Positional Fragility in LLMs: How Offset Effects Reshape Our Understanding of Memorization Risks
Yixuan Xu, Antoni-Joan Solergibert i Llaquet, Antoine Bosselut, Imanol Schlag
TL;DR
The work reveals a pronounced positional bias in LLM memorization: verbatim recall is strongest for prefixes at the start of the context window and rapidly declines as the prefix is offset deeper in the window. By performing controlled pretraining on Gutenberg and web data across 1B, 3B, and 8B models, the authors demonstrate a robust offset effect, link memorization breakdown to text degeneration, and propose mitigation by shifting sensitive content deeper into the context window (as in Swapped Gutenberg). They further show that smaller batch sizes and targeted pretraining strategies like Goldfish Loss can suppress memorization while preserving or improving downstream performance. These findings establish offset as a critical, previously underexplored axis for memorization risk assessment and mitigation with practical implications for safer, more compliant LLM deployment.
Abstract
Large language models are known to memorize parts of their training data, posing risk of copyright violations.
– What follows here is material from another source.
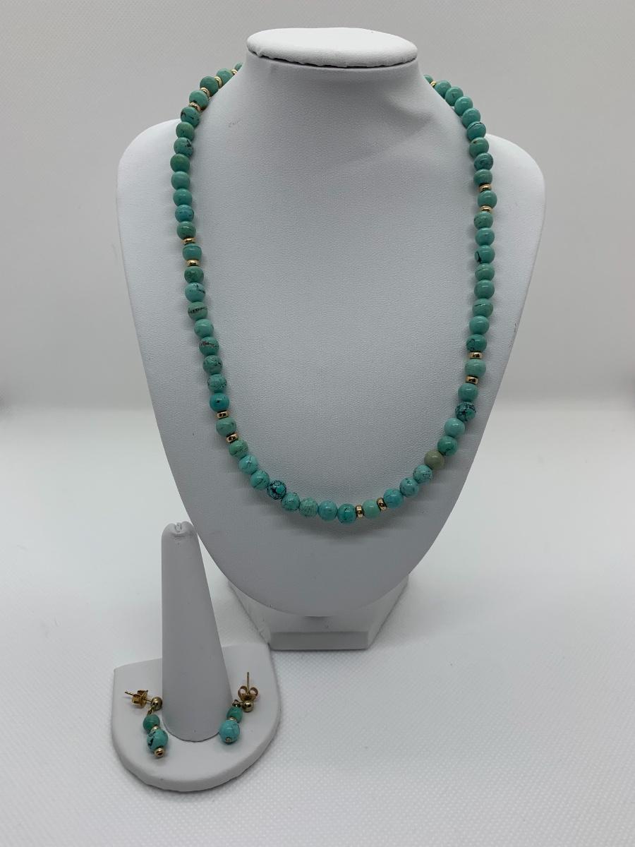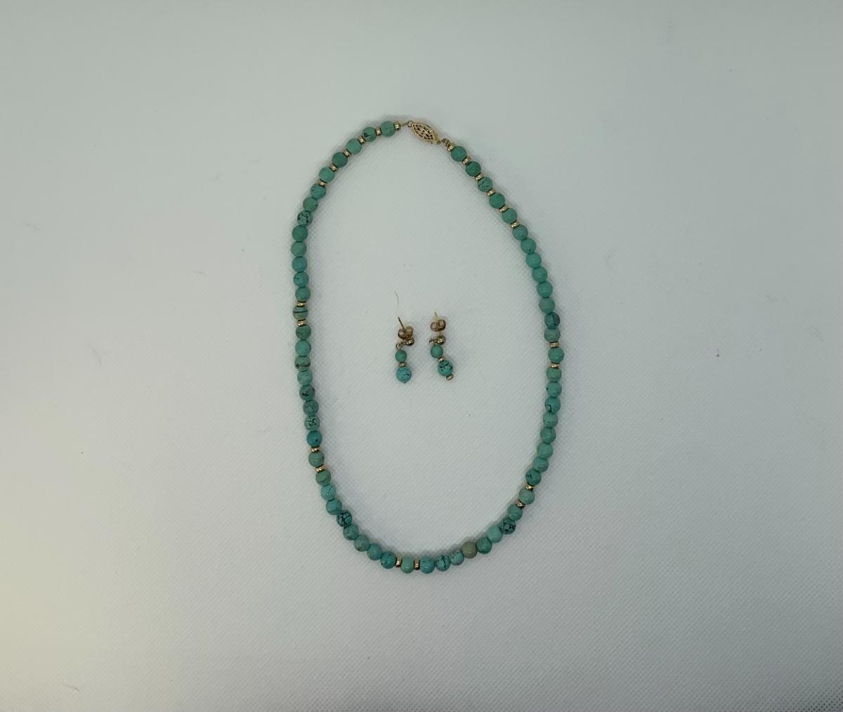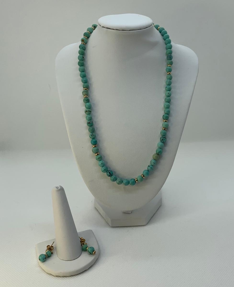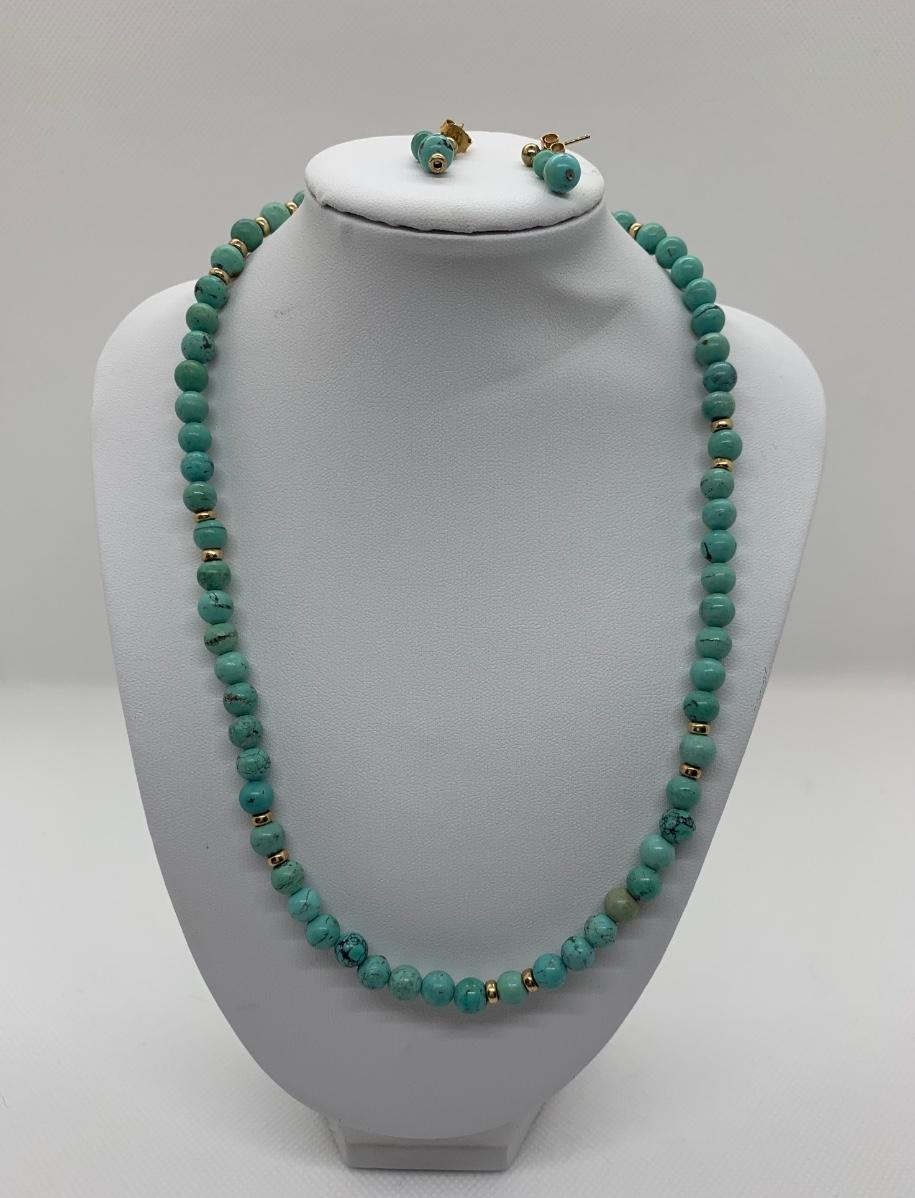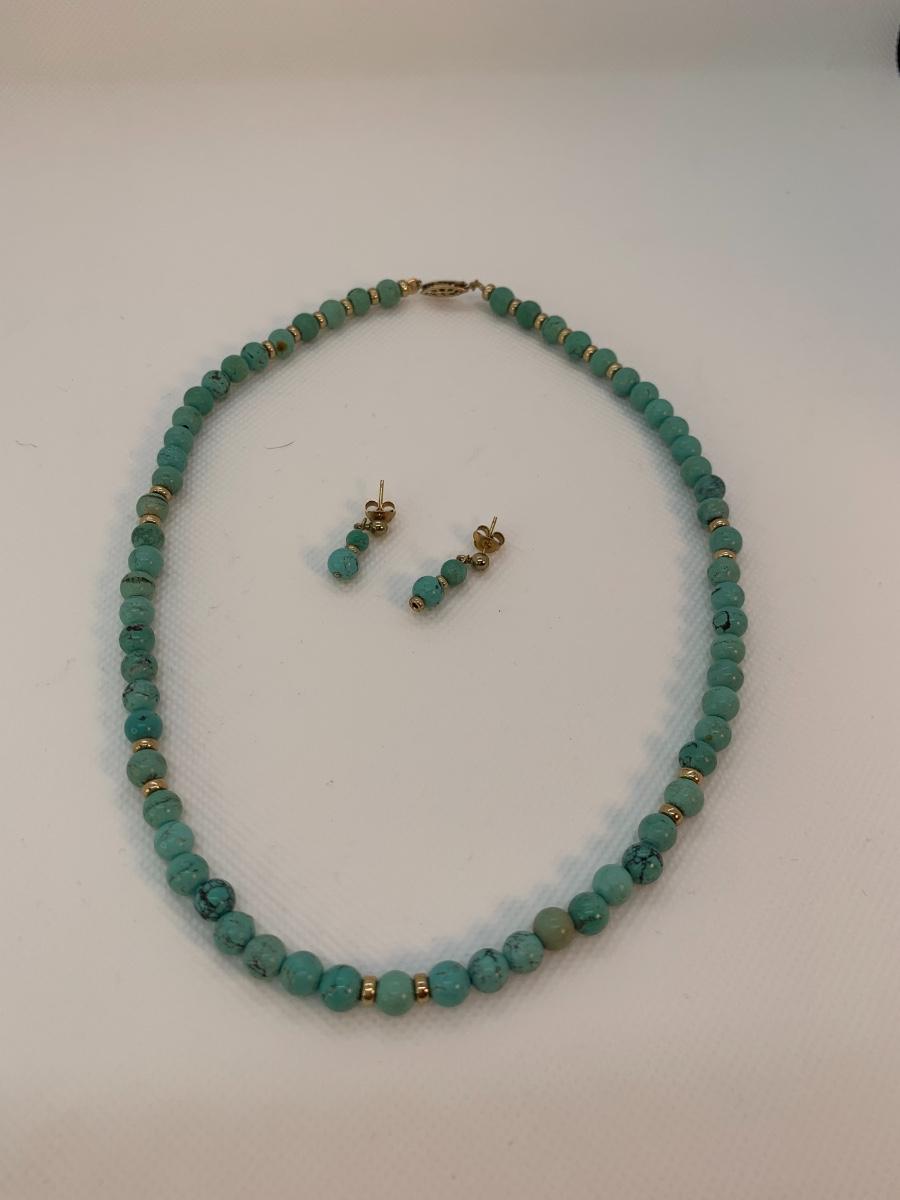 Turquoise beads with gold tone spacers with matching pierced earrings.

To systematically examine this risk, we pretrain language models (1B/3B/8B) from scratch on 83B tokens, mixing web-scale data with public domain books used to simulate copyrighted content at controlled frequencies at lengths at least ten times longer than prior work. We thereby identified the offset effect, a phenomenon characterized by two key findings: (1) verbatim memorization is most strongly triggered by short prefixes drawn from the beginning of the context window, with memorization decreasing counterintuitively as prefix length increases; and (2) a sharp decline in verbatim recall when prefix begins offset from the initial tokens of the context window. We attribute this to positional fragility: models rely disproportionately on the earliest tokens in their context window as retrieval anchors, making them sensitive to even slight shifts. We further observe that when the model fails to retrieve memorized content, it often produces degenerated text. Leveraging these findings, we show that shifting sensitive data deeper into the context window suppresses both extractable memorization and degeneration. Our results suggest that positional offset is a critical and previously overlooked axis for evaluating memorization risks, since prior work implicitly assumed uniformity by probing only from the beginning of training sequences.